Museum's docent program joins UA students, area youth

By Craig Degel

Arizona Daily Wildcat

Tucson-area children will get another chance to experience the past by walking the "Paths of Life" exhibit at the University of Arizona's Arizona State Museum.

Bruce Hilpert's Anthropology 302 students will become docents this fall at the ASM for tour groups of kindergarten through eighth grade students.

The program started Sept. 27.

Hilpert is curator of public programs at ASM and teaches the three-unit lecture portion of the class. Graduate student Carole Adler teaches the one-unit lab portion.

Students from the Tucson Unified, Marana Unified and San Xavier School Districts have taken part in the tours in previous years. They will be taken through the museum's newest exhibit, "Paths of Life Ÿ American Indians of the Southwest," which was finished last spring. Adler said the exhibit has grown in popularity with visitors.

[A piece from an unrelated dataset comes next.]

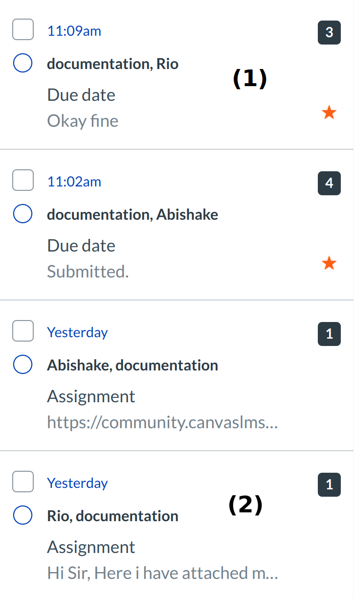 The Conversation Inbox is organized chronologically from newest to oldest with the newest Conversations [1] appearing on top and the older Conversations [2] appearing towards the bottom.
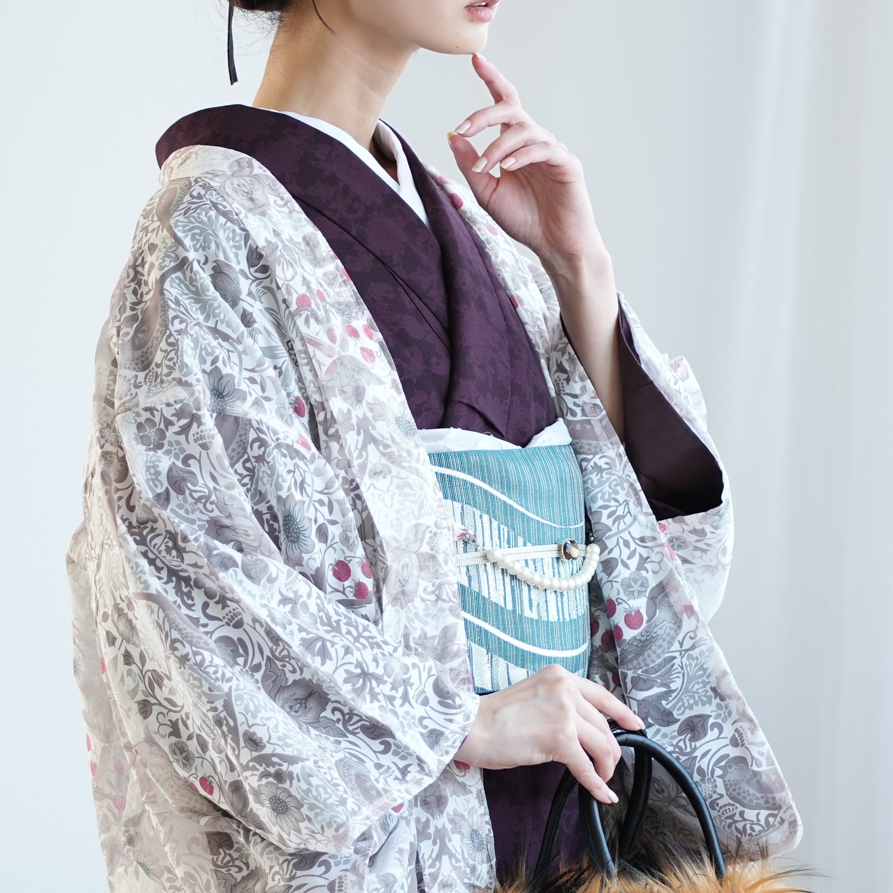繊細な草花の流れと小鳥のモチーフが、和の装いにも調和する優雅な趣を添えます。

The exhibit traces the roots of tribes such as the Hopi and the Navajo from their deepest past up through contemporary issues. It also includes activities for the children to take part in.

"The kids respond very well," Hilpert said. "The tours are very hands-on oriented. There are lots of artifacts that they get to handle, they can grind corn and there is a Tohono O'Odham game they can play."

Hilpert said the docent program has existed in different forms since the 1950s. Originally, it was started for education students, then it was given to anthropology students. Hilpert said he restructured it two years ago to include the Education Department again.

For the first month of the class, the anthropology students learn about the tour, acting as docents, as well as learning ways to be culturally sensitive to the fact that many of the students in the program's target ages are of Native American descent, Adler said.

There are 26 students in the docent training program. The fall semester students will work as docents through the winter break.

Hilpert said during the fall semester there will be a low student-to-docent ratio. With a lower ratio, he said, there will be more docents to work with fewer children, enabling students to learn more easily.

Hilpert said the program depends on new students every semester.